Israeli forces invaded Tal al Hawa "and started to shell from the sky and from the ground," said Khader Dahdouh, whose home was badly damaged in fighting that began after midnight and lasted until dawn. "The resistance fighters were firing rocket-propelled grenades, and the soldiers took cover in nearby villas."

The Israeli intelligence official, who spoke on customary condition of anonymity because of security concerns, did not underestimate Hamas but indicated that the group had been overwhelmed by 18 days of bombardment. The official said Hamas was not significantly tapping its caches of antitank and antiaircraft missiles but was occasionally using suicide bombers to spearhead combat missions.

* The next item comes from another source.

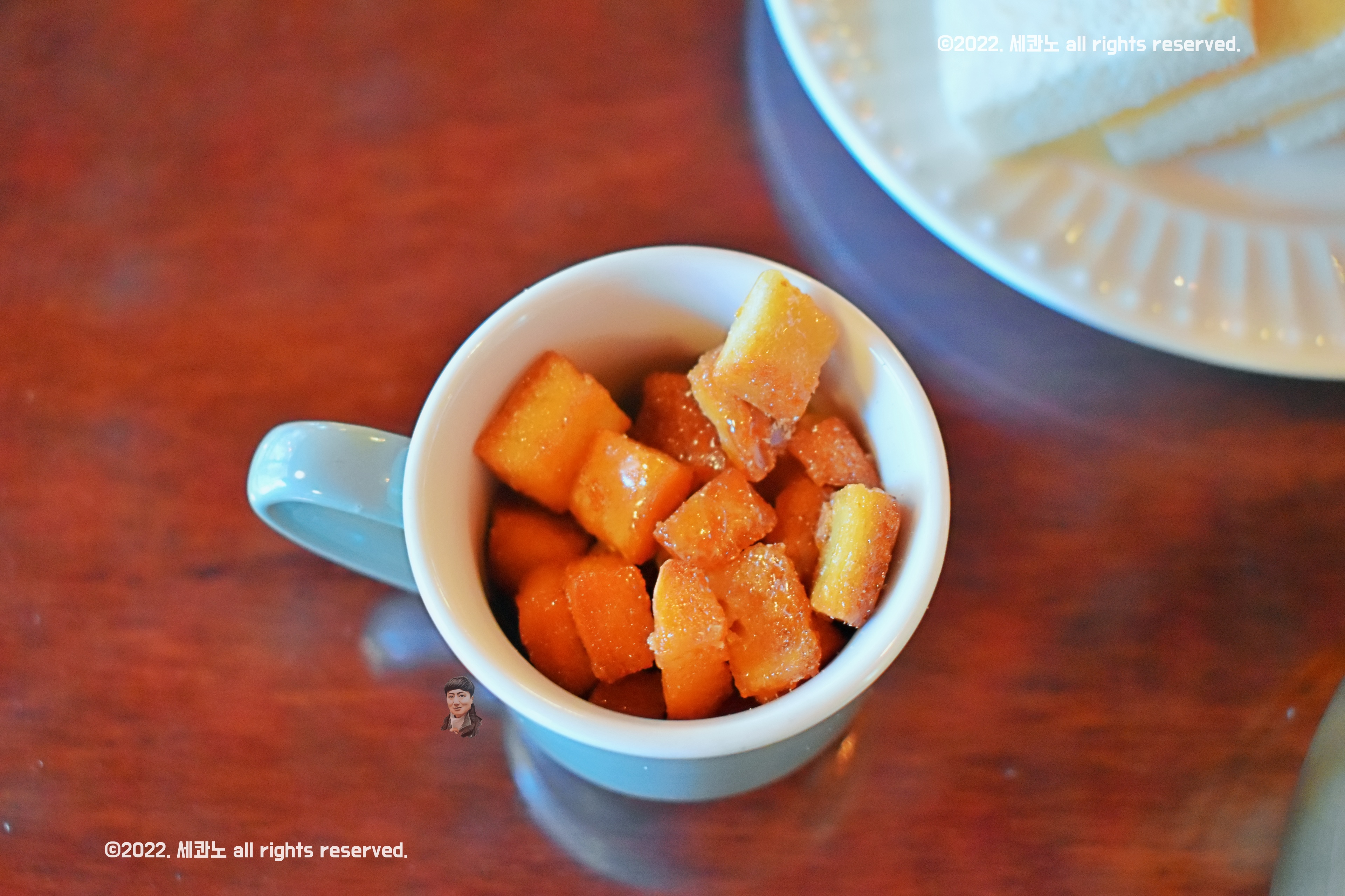 식빵이 식전빵으로, 그리고 그 엣지를 잘라 튀겨낸 달고나 러스크가 후식으로 나왔다.

"The level of damage to Hamas' military wing is less than the damage" to its civil infrastructure, the official said. "I think they will try to do their best to hit us, to come up with some symbolic achievement, a suicide operation or the kidnapping of an Israeli soldier."

Hamas officials have said the Islamic militant group's fighters are resilient and that its military wing is choosing when it will engage Israeli forces.

But the intelligence official said Israeli airstrikes had destroyed much of Hamas' rocket-launching capability. Two weeks ago, Hamas was firing about 80 missiles a day into southern Israel; the number has dropped to about 20 in recent days, and on Tuesday, only two rockets were reported.